5 years business/data analyst using SQL, Tableau, and SAS
2 years data scientist using SQL, Tableau, Python, Git, and Jupyter Notebook
Love using data to answer business questions, deliver effective and impactful solutions. Highly analytical and detail-oriented. Skilled in data analysis and visualization, and proficient at machine learning algorithms such as supervised learning and unsupervised learning. Excellent written and oral communication skills built from years of presenting analysis results to senior management.
My LinkedIn
Forecast Monthly Vehicle Sales (Click me –>)
Toolkit: Time series forecasting, Python, pandas, numpy, matplotlib, seaborn, scipy, statsmodels, sklearn
Using time series forecasting, analyzed monthly vehicle sales in the United States between January 1976 and November 2019, found the overall trend over time and made forecasts for vehicle sales in December 2019 and May 2020.

Predict Sparkify User Churn (Click me –>)
Toolkit: Supervised learning (classification), Python, pyspark, pandas, numpy, matplotlib, seaborn, AWS EMR
Preventing churn is key to improving revenue for Sparkify, a fictitious subscription-based music streaming company. Using PySpark on AWS, I analyzed 12GB data from Sparkify and built a machine learning model to predict user churn with an F score of 0.56.

Recommendation Engine with IBM (Click me –>)
Toolkit: Machine learning (collaborative filtering), Python, pandas, numpy, matplotlib
Recommending articles that are most pertinent to specific users is beneficial to both service providers and users. Using three mainstream approaches - (1) Rank Based, (2) User-User Based Collaborative Filtering, and (3) Matrix Factorization, I developed an article recommendation engine for the IBM Watson Studio platform.

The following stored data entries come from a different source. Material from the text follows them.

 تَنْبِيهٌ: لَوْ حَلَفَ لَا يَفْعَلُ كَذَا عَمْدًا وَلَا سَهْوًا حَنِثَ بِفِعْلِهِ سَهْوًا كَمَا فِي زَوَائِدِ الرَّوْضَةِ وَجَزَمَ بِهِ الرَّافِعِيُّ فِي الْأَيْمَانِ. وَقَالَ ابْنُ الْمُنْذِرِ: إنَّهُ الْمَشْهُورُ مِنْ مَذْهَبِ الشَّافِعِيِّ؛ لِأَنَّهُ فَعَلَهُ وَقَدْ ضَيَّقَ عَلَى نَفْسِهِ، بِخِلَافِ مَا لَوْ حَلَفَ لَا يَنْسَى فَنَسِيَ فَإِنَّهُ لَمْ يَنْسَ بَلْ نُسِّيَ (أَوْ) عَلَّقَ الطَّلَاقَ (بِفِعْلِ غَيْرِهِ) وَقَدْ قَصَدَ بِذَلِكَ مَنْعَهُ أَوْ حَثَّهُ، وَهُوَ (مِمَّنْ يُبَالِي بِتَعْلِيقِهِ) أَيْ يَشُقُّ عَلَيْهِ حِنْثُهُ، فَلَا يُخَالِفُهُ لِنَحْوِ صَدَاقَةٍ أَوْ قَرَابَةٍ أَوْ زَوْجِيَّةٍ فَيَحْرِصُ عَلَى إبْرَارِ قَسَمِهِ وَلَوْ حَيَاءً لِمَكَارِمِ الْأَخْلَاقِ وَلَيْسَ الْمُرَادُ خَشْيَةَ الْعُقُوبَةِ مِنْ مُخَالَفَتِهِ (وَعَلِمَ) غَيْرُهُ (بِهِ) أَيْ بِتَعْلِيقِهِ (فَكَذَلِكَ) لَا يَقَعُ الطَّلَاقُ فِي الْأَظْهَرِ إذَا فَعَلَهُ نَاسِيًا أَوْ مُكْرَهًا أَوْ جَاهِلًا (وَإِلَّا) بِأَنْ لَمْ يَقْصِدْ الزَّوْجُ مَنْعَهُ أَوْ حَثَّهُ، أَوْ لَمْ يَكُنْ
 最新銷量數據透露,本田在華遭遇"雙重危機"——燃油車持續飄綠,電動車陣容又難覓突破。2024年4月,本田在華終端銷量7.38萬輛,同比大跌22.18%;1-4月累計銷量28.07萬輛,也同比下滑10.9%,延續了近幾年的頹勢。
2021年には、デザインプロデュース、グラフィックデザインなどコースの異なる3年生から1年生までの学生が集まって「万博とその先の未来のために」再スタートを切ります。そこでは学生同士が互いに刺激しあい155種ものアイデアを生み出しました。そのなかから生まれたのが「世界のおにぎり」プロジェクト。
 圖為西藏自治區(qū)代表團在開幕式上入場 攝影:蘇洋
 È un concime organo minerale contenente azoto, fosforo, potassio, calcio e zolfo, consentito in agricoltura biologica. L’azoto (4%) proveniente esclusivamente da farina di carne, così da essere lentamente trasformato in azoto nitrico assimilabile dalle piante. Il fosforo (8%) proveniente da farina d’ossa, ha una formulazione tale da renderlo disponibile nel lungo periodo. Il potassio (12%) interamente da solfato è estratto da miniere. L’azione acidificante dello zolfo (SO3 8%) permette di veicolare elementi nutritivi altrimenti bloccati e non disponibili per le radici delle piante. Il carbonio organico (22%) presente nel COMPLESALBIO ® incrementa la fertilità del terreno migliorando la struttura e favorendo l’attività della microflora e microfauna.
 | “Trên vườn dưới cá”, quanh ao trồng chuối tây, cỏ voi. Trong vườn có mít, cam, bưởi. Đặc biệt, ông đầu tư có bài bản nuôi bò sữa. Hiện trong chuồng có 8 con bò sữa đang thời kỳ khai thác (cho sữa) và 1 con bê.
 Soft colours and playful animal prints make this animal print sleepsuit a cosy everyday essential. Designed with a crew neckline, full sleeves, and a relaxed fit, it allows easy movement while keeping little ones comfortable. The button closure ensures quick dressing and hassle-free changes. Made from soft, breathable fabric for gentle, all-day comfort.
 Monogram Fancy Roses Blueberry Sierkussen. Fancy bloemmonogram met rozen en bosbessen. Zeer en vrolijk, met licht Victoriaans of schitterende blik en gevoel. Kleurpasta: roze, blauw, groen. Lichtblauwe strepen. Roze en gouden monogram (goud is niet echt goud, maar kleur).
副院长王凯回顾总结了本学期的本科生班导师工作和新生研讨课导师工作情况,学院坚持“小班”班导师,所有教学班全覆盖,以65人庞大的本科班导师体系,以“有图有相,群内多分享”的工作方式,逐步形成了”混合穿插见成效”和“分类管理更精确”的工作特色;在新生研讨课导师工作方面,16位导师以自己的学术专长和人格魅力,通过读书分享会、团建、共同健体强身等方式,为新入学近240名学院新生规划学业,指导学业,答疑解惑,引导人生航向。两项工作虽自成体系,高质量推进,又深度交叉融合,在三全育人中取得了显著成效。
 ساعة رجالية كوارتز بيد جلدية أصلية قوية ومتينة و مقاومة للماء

Classify Disaster Response (Click me –>)
Toolkit: Supervised learning (classification), Python, scikit-learn, pandas, numpy, plotly, NLP, SQL, SQLAlchemy, HTML, Flask
During disaster events, sending messages to appropriate disaster relief agencies on a timely manner is critical. Using NLP and machine learning pipeline, I built a model that classifies disaster messages into 36 categories with an F score of 0.65. A webapp was also developed.

Airbnb List Price Analysis (Click me –>)
Toolkit: Supervised learning (regression), Python, scikit-learn, pandas, numpy, matplotlib, seaborn
I analyzed Airbnb list prices in Boston and Seattle to answer three questions:
Q1 - Is there any trend in the Airbnb list price? How do prices compare between Boston and Seattle?
Q2 - Should you become a super host?
Q3 - What factors affect the Airbnb list price?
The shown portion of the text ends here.